• Records for the task:
########

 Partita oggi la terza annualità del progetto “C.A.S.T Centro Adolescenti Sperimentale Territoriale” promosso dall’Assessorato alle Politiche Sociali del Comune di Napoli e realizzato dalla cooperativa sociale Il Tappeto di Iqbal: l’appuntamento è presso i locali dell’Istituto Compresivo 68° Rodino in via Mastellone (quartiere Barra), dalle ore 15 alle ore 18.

########

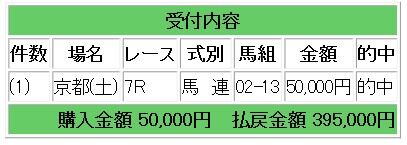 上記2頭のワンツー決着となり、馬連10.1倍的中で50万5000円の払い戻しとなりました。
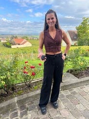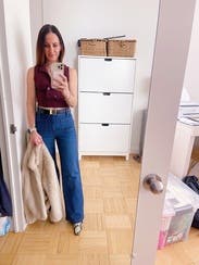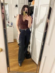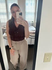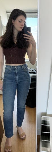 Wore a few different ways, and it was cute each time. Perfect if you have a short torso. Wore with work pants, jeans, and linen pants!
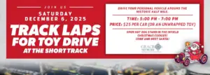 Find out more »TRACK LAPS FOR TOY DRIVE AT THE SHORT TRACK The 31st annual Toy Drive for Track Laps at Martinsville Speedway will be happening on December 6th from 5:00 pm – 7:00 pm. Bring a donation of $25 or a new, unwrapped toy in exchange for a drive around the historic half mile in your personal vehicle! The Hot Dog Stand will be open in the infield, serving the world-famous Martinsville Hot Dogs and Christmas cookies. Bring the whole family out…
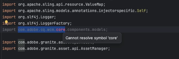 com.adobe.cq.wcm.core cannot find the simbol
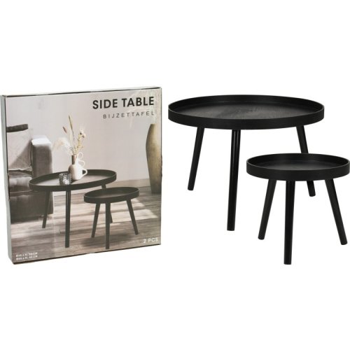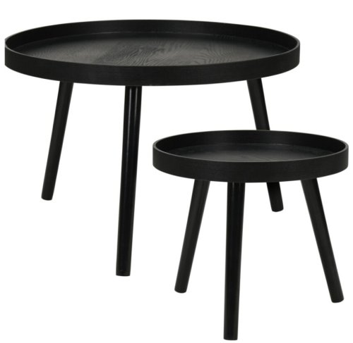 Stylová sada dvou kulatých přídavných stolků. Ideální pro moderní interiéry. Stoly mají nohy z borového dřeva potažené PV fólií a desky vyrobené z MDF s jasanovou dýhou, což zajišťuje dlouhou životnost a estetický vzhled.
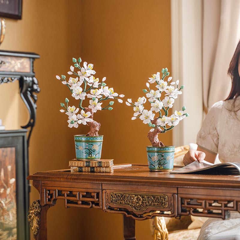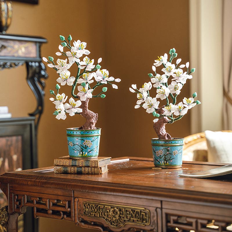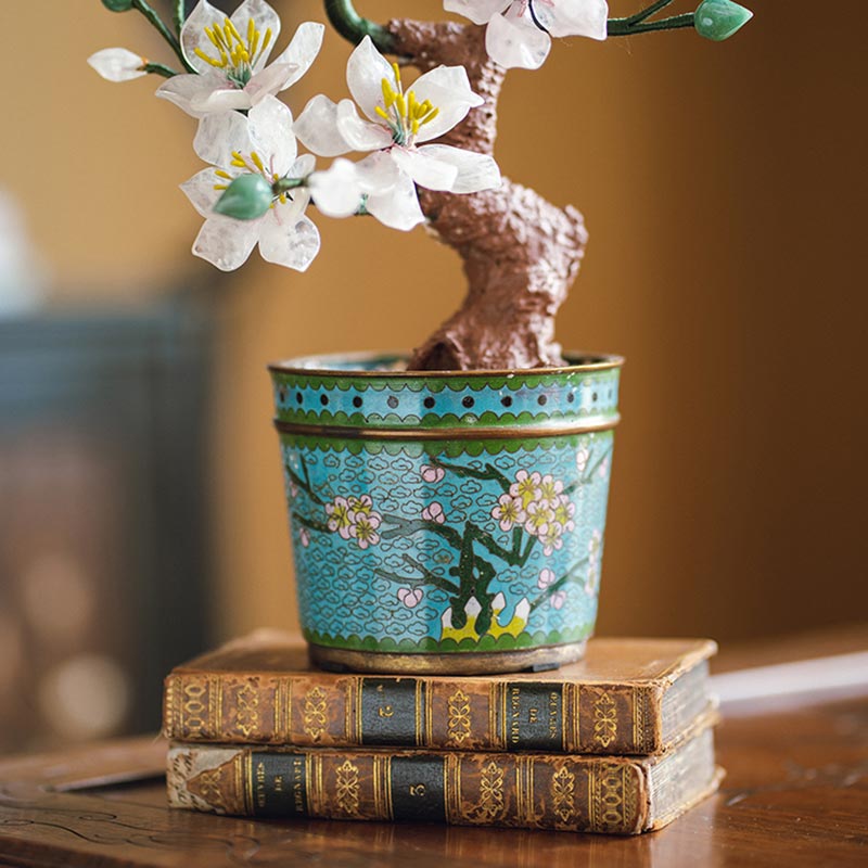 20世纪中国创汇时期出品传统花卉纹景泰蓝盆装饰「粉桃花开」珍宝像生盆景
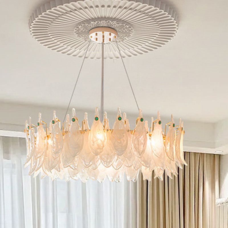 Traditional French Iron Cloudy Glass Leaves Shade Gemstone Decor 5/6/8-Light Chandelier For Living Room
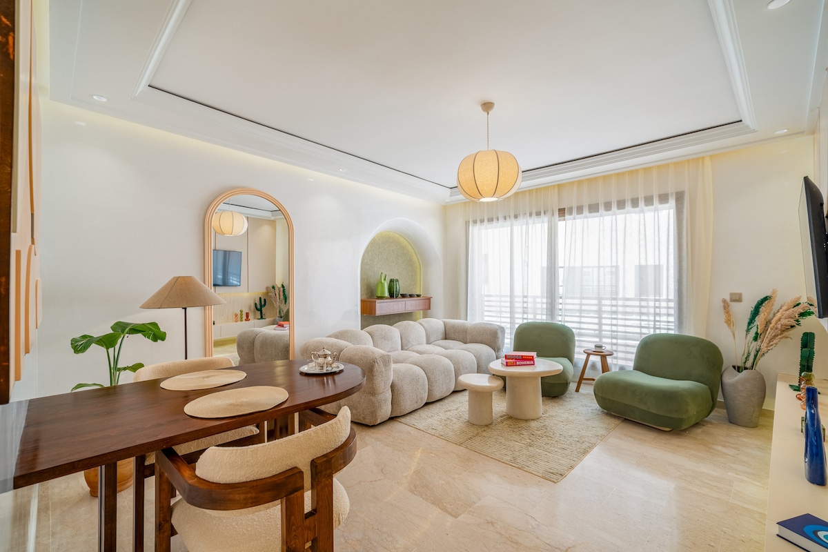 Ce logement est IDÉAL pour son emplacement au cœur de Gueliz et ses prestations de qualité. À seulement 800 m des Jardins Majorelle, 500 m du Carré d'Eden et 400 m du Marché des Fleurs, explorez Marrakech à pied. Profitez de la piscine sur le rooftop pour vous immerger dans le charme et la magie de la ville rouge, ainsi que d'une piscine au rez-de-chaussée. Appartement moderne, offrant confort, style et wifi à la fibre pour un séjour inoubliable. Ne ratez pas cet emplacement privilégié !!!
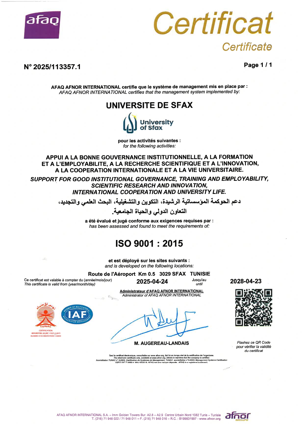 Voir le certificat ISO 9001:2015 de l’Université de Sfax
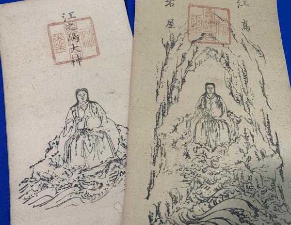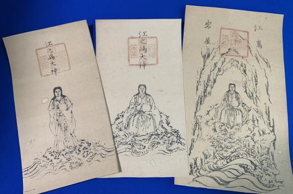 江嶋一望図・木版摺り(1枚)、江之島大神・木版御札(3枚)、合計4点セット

########

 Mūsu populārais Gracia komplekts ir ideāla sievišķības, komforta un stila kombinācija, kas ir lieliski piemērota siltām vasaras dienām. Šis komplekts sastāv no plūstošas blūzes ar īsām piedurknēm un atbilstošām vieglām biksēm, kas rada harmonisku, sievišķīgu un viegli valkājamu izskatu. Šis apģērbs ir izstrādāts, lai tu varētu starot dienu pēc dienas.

########

Go back to the listing above and reproduce, exactly, the stretch from the line bearing "上記2頭のワンツー決着となり" through the line bearing "江嶋一望図・木版摺り(1枚)、江之島大神・木版御札(3枚)、合計4点セット", without its pictures.

 上記2頭のワンツー決着となり、馬連10.1倍的中で50万5000円の払い戻しとなりました。
 Wore a few different ways, and it was cute each time. Perfect if you have a short torso. Wore with work pants, jeans, and linen pants!
 Find out more »TRACK LAPS FOR TOY DRIVE AT THE SHORT TRACK The 31st annual Toy Drive for Track Laps at Martinsville Speedway will be happening on December 6th from 5:00 pm – 7:00 pm. Bring a donation of $25 or a new, unwrapped toy in exchange for a drive around the historic half mile in your personal vehicle! The Hot Dog Stand will be open in the infield, serving the world-famous Martinsville Hot Dogs and Christmas cookies. Bring the whole family out…
 com.adobe.cq.wcm.core cannot find the simbol
 Stylová sada dvou kulatých přídavných stolků. Ideální pro moderní interiéry. Stoly mají nohy z borového dřeva potažené PV fólií a desky vyrobené z MDF s jasanovou dýhou, což zajišťuje dlouhou životnost a estetický vzhled.
 20世纪中国创汇时期出品传统花卉纹景泰蓝盆装饰「粉桃花开」珍宝像生盆景
 Traditional French Iron Cloudy Glass Leaves Shade Gemstone Decor 5/6/8-Light Chandelier For Living Room
 Ce logement est IDÉAL pour son emplacement au cœur de Gueliz et ses prestations de qualité. À seulement 800 m des Jardins Majorelle, 500 m du Carré d'Eden et 400 m du Marché des Fleurs, explorez Marrakech à pied. Profitez de la piscine sur le rooftop pour vous immerger dans le charme et la magie de la ville rouge, ainsi que d'une piscine au rez-de-chaussée. Appartement moderne, offrant confort, style et wifi à la fibre pour un séjour inoubliable. Ne ratez pas cet emplacement privilégié !!!
 Voir le certificat ISO 9001:2015 de l’Université de Sfax
 江嶋一望図・木版摺り(1枚)、江之島大神・木版御札(3枚)、合計4点セット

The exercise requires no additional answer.